Retype the data below exactly; skip every image.

Recorded information:
--- START ---

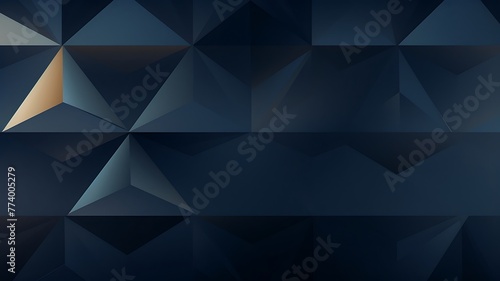 © Huzaifa, Obraz premium Angular Ambiance: Dark Blue Panoramic Banner with Triangular Patterns
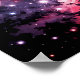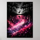 The mirrored composition creates a powerful visual contrast between earth and cosmos, reality and imagination. The upper half is calm, minimal, and monochromatic, while the lower half explodes with vibrant magenta, violet, and starlit detail. This balance makes the piece both dramatic and meditative.
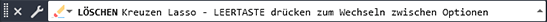 Beachten Sie, dass in der Befehlszeile angezeigt wird, dass Sie derzeit ein Kreuzen-Lasso verwenden, d. h. alle Elemente, die das Lasso kreuzt und einschließt, werden ausgewählt.
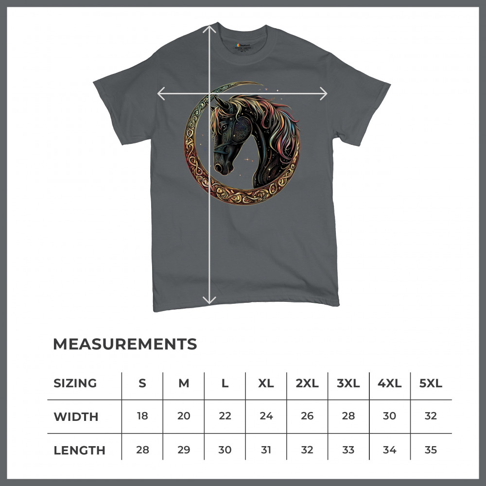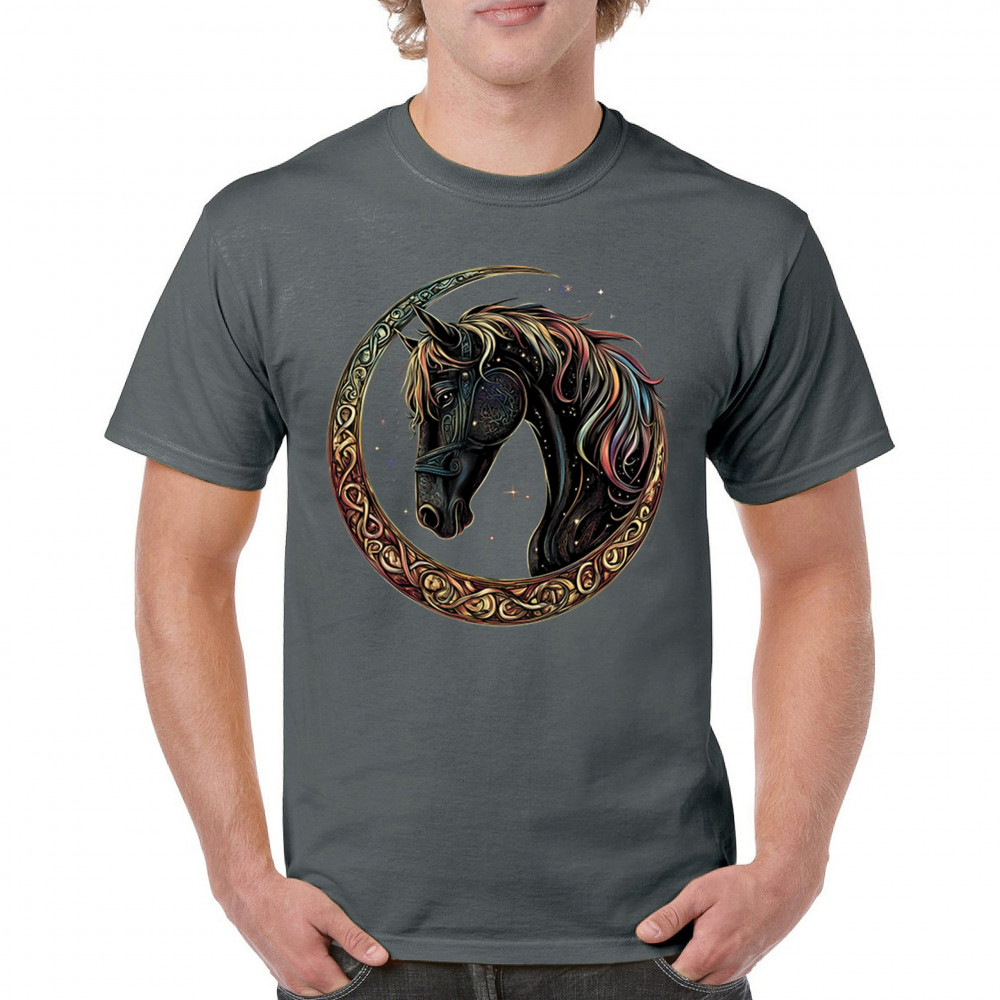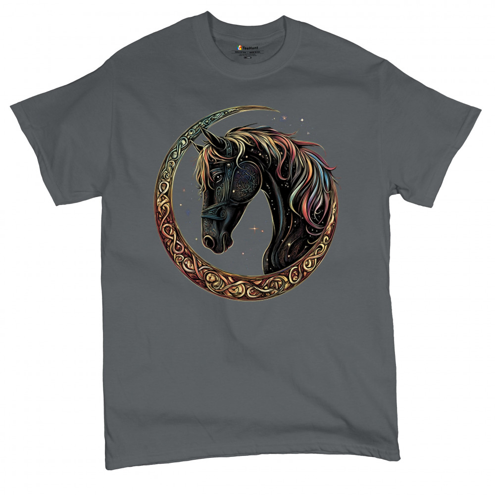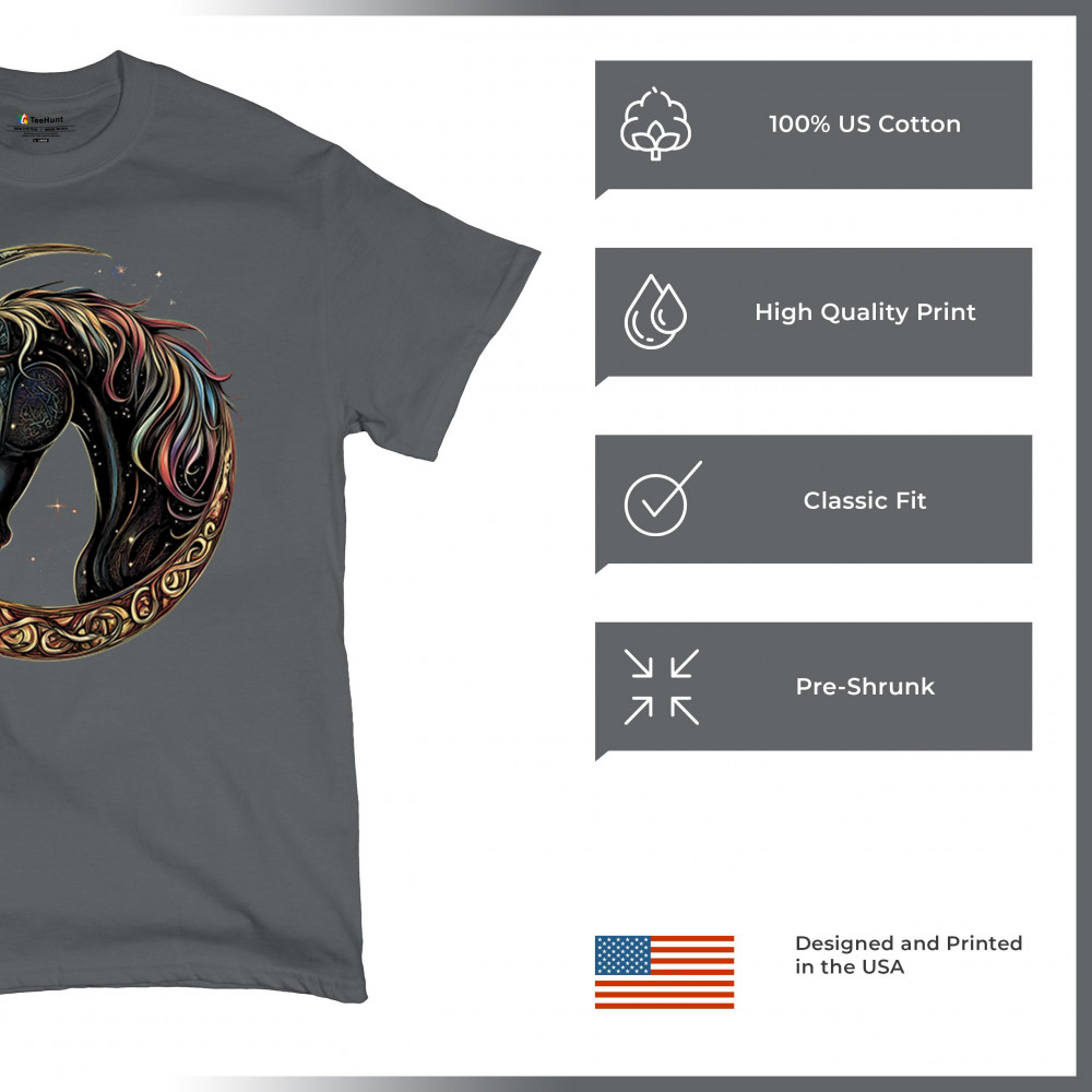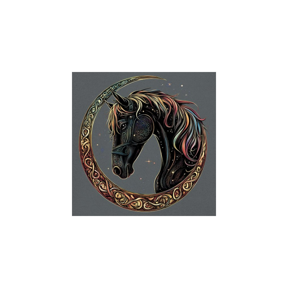 Celebrate the power and grace of the cosmos with this majestic black horse framed by a golden Celtic crescent moon. Its rainbow mane and celestial body symbolize strength, movement, mystery, and spiritual magic. A stunning piece for fantasy fans, equestrians, and dreamers who love horses and stars.

--- END ---

Final answer:
 © Huzaifa, Obraz premium Angular Ambiance: Dark Blue Panoramic Banner with Triangular Patterns
 The mirrored composition creates a powerful visual contrast between earth and cosmos, reality and imagination. The upper half is calm, minimal, and monochromatic, while the lower half explodes with vibrant magenta, violet, and starlit detail. This balance makes the piece both dramatic and meditative.
 Beachten Sie, dass in der Befehlszeile angezeigt wird, dass Sie derzeit ein Kreuzen-Lasso verwenden, d. h. alle Elemente, die das Lasso kreuzt und einschließt, werden ausgewählt.
 Celebrate the power and grace of the cosmos with this majestic black horse framed by a golden Celtic crescent moon. Its rainbow mane and celestial body symbolize strength, movement, mystery, and spiritual magic. A stunning piece for fantasy fans, equestrians, and dreamers who love horses and stars.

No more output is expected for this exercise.